Saturday, April 27, 2024

Street cleaning this year eliminated towing and added use of crews on foot. (Photo: City of Cambridge)

A popular but flawed test of ticketing instead of towing cars during Cambridge’s street-cleaning season will get a second year, but – with the permission of the state Legislature – adjusted to include higher fines.

City councillors approved language Monday for Beacon Hill asking to double the current cost of a ticket to $100. A repeat offender could wind up being charged a total of $250 in the proposed home-rule petition, and that could incentivize drivers to pay more attention to the need to make way for city sweepers.

Residents like the program and want to keep it (69 percent to 21 percent, according to a city survey), but “an increasing number of vehicles are not moving and that needs to change,” according to a report heard Monday.
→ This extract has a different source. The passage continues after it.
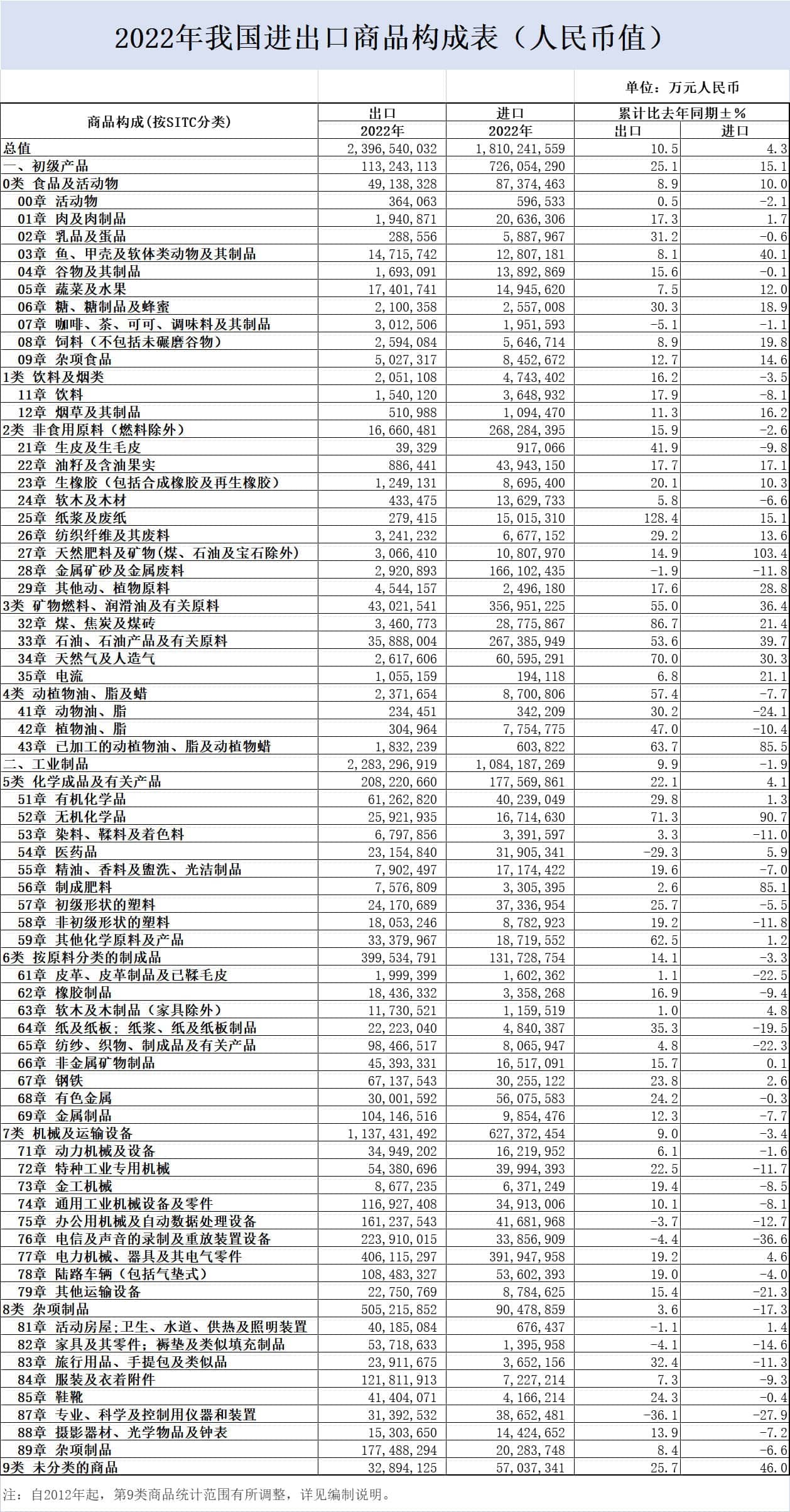 外貿(mào)市場回暖并不如預(yù)期,我國出口產(chǎn)品也受到波及。2022年我國出口商品最多的是“工業(yè)制品”。其中,機械及運輸設(shè)備出口22.8萬億元、雜項制品出口5.1萬億元、按原料分類的制成品出口4萬億元、化學(xué)成品及有關(guān)產(chǎn)品出口2.1萬億元、食品及活動物出庫4914億元。

Tickets issued for street-cleaning parking violations rose by an average of 93 percent during the 2023 test, but “the number of vehicles not moving for street cleaning has more than doubled in the late summer and fall, when debris is heaviest on the streets. This has made maintaining clean streets challenging.”

Since the street-cleaning test was implemented in April, streets have been dirtier, city councillor Paul Toner said.

“I’ve been getting emails with people sending me pictures with their streets covered in leaves,” Toner said.

Proposing hitting reverse

If it was up to him, he said, the city would return to the traditional towing system.

“The thing that really drives me crazy is the solution is to raise the cost of parking tickets when the justification for doing this in the first place was [towing] was supposedly a financial burden on especially lower-income people,” Toner said.

Raising fines in a program designed to save drivers money is less contradictory than it might seem, because the cost of towing is still substantially more expensive, Department of Public Works commissioner Kathleen Watkins said. The traditional approach involves the cost of a ticket, a tow, potentially a day or more of impoundment and the time and expense needed to get a car back from the lot.

The city went into the test knowing fines might have to be eventually increased. “Where can we get to that gets people to move their vehicles without reinstating towing?” Watkins asked.

Councillor E. Denise Simmons voted no to increasing fines and voiced support for an increase in street cleaning instead, going to two days a month instead of one between April and December. The idea was not adopted.

Toner was the other vote against.

Famous announcement

Also discussed at the meeting was how residents are reminded of street cleaning, and whether that needs to be changed. The city has a system in which residents can register their address and sign up for notifications through email or text that sweepers – and ticketers – are coming through.

Some people might not have access to online reminders, and there needs to be more community outreach on street cleaning, Simmons said.

Another way the city alerts residents to street cleaning is a truck that drives around and calls out a recorded warning to move cars out of the way. Since the early 2000s, that famous announcement was the voice of emergency dispatcher Hector Perez – and changing it was another experiment that needed refinement.

“As part of our efforts to be a little less male at DPW, we recorded it with a female voice – and I would say very early on we got a lot of feedback that whatever the tone and the pitch of that voice was, people could not hear it,” Watkins said. “So we re-recorded the message with the original person.”

The year ahead will be another “evolution” for the street-cleaning program, Watkins said.

“I frame it that way in terms of wanting to really increase the tickets and then see how that works, and then continuing on the outreach,” Watkins said.